A inserção das escolas do Centro Paula Souza, conhecidas pelo nível elevado de seus alunos, na avaliação vem apenas para melhorar os índices resultantes do SARESP, maquiando o verdadeiro cenário da educação pública paulista. Com boas estatísticas, o Governo do Estado pode provar que sua política de sucateamento de ETE’s e EE’s traz progresso a seus estudantes. E, ao invés de termos como resposta mudanças efetivas em nossas escolas, somos usados – mais uma vez - como massa de manobra eleitoreira.
Nós, alunos da ETESP, entendemos que o SARESP significa um retrocesso na luta estudantil por uma educação de qualidade, pautada no respeito aos estudantes e cidadãos paulistas, em melhorias de infra-estrutura e em garantias de boa formação acadêmica para todos. Contribuir com essa “prova” é aceitar a péssima condição de nossas escolas e os constantes ataques ao ensino público, que a cada ano se volta mais à mera formação técnica.

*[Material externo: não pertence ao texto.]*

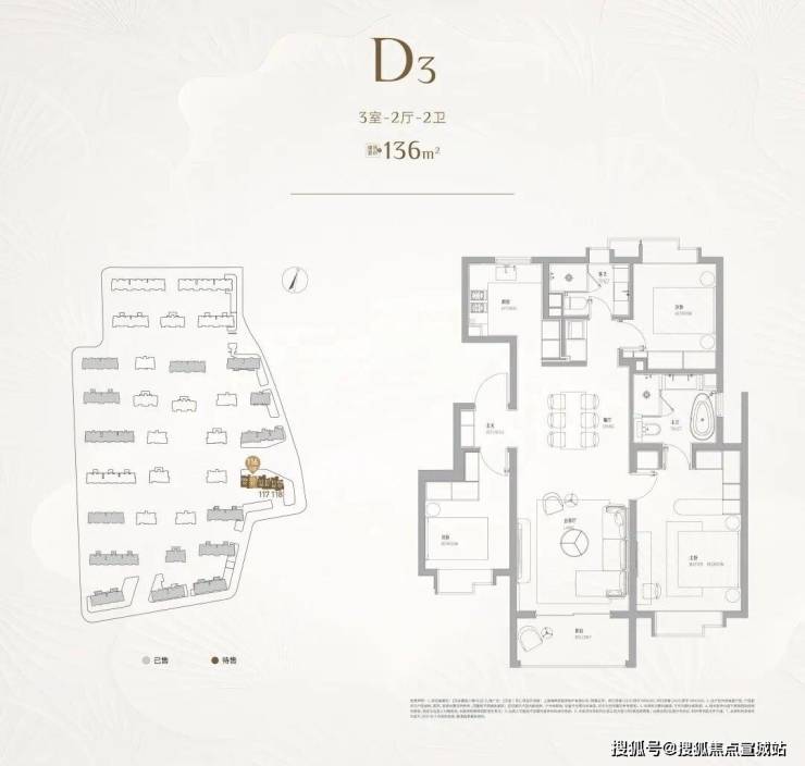 建面约136㎡3房,爆款中的爆款。南北通透的无连廊飞机户型,在设计感上真心出色!而且在整个中环沿线,建面约130-140㎡的房源是供应最稀缺的!

Levantando essas idéias, os estudantes do terceiro ano de diversas ETE’s (sete, além da ETESP) e de algumas EE’s boicotaram o SARESP em 2009, reunindo mais de 300 estudantes no campus da ETESP/FATEC, onde está localizada a sede do Centro Paula Souza, para um protesto por melhoras efetivas na educação e para marcar nossa posição contrária à aplicação de tal prova. Por cerca de 4 horas, tentamos nos fazer ouvir pela super-intendência do Centro – vigiados de perto pela polícia – e paralisamos as aulas no período da manhã, contando com o apoio dos professores.

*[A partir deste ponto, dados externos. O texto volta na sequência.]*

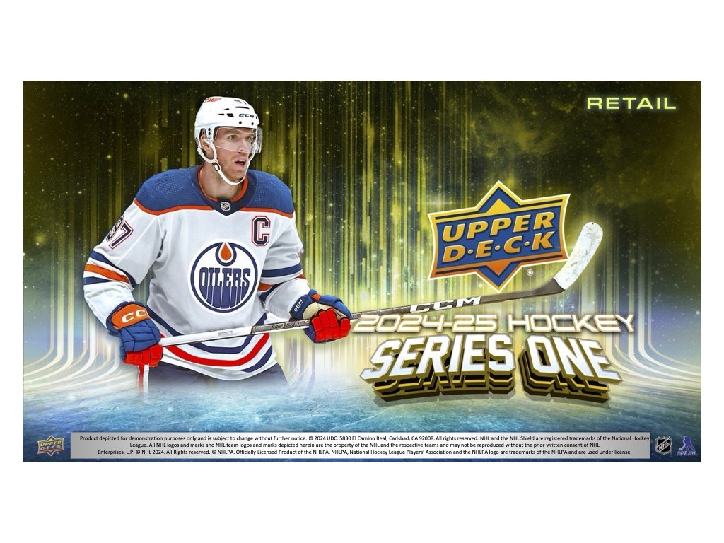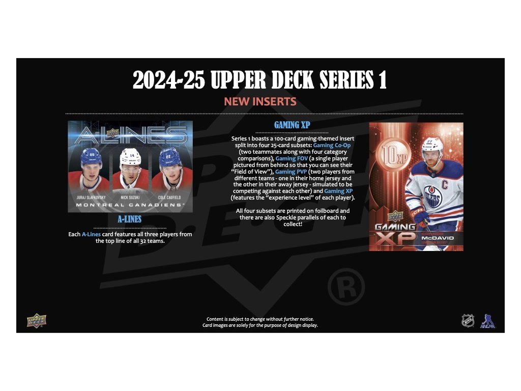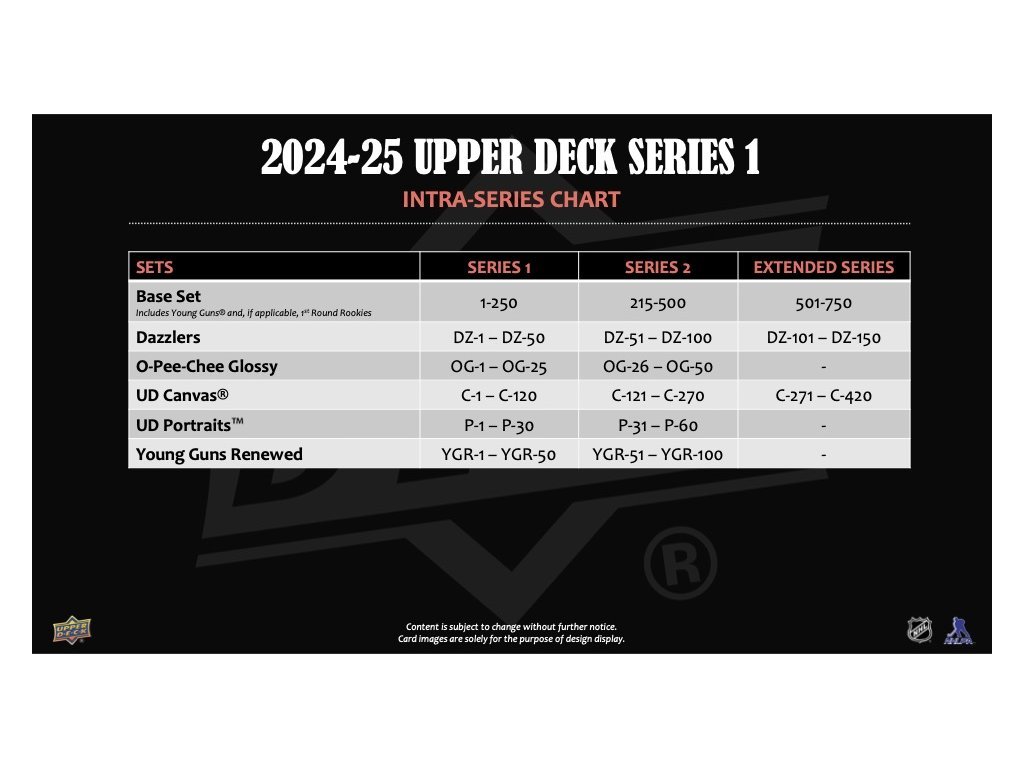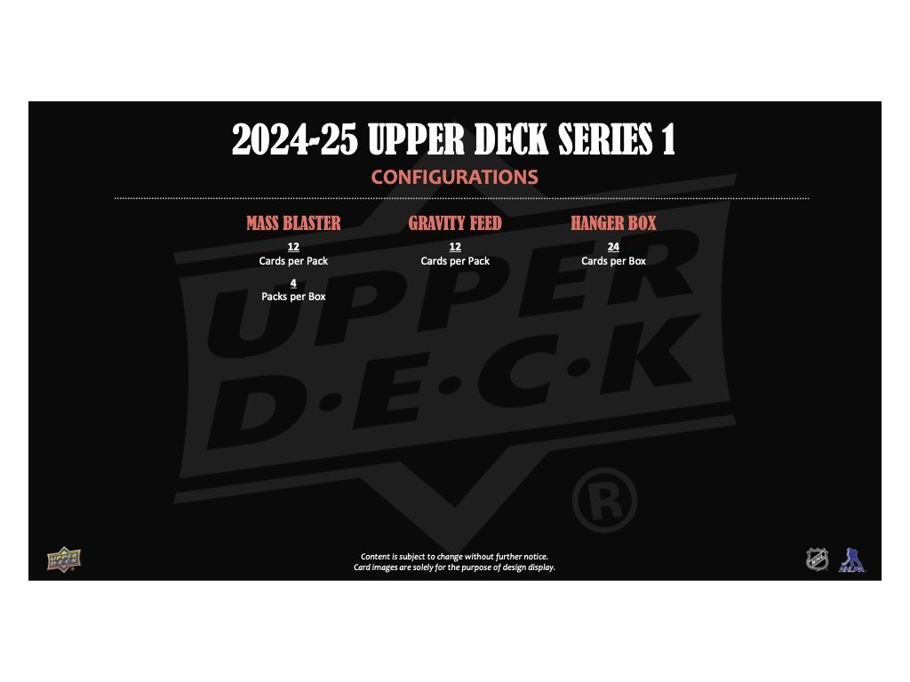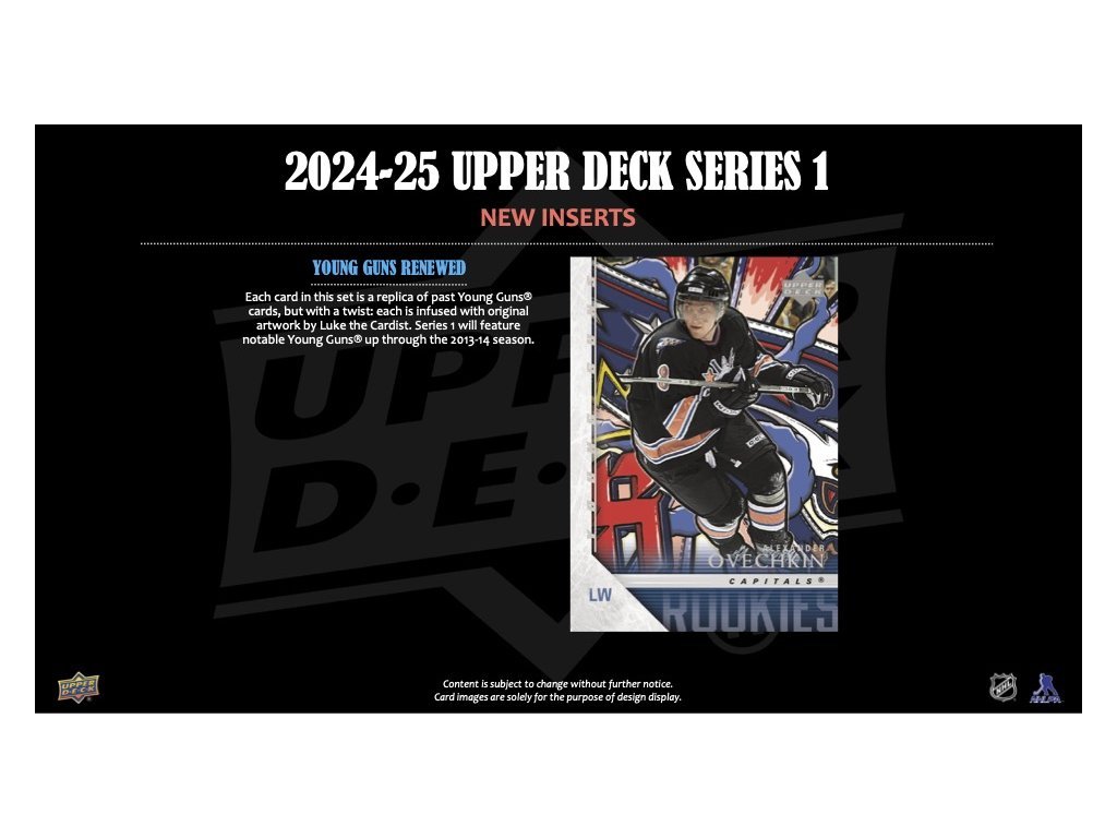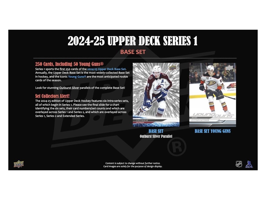 Series 1 obsahuje prvních 250 karet ze sady Upper Deck 2024-25. Každoročně je Upper Deck set nejvíce sbíranou hokejovou sérií. Obsahuje 198 karet současných hráčů, 49 karet Young Guns a tři checklist karty. Kultovní karty Young Guns jsou nejočekávanější karty nováčků každé sezóny!

A manifestação surtiu efeito e conseguimos barrar a prova em 2009. Porém, está confirmada a sua aplicação nos dias 17 e 18 desse mês. Esse ano, as ameaças já começaram, como a divulgação de que as provas finais de algumas ETE’s serão substituídas pela nota do SARESP. A pergunta que fica é: como usarão as notas para o terceiro ano de 2010, se os resultados da prova sairão apenas por volta de março de 2011? Mais uma vez, notamos esforços para enfraquecer a luta estudantil e manter a situação vergonhosa de nossas escolas.
Em 2010, voltamos a pedir o apoio dos estudantes e chamamos um BOICOTE AO SARESP. Educação de qualidade não se faz por meio de provas, mas por efetivo investimento em infra-estrutura, qualificação do corpo docente e respeito aos estudantes. Exija seu direito! No dia 17, junte-se a nós na luta por uma educação de qualidade! Diga NÃO às avaliações de fachada!
CONTRA O SARESP! POR MELHORIAS VERDADEIRAS NA EDUCAÇÃO PÚBLICA!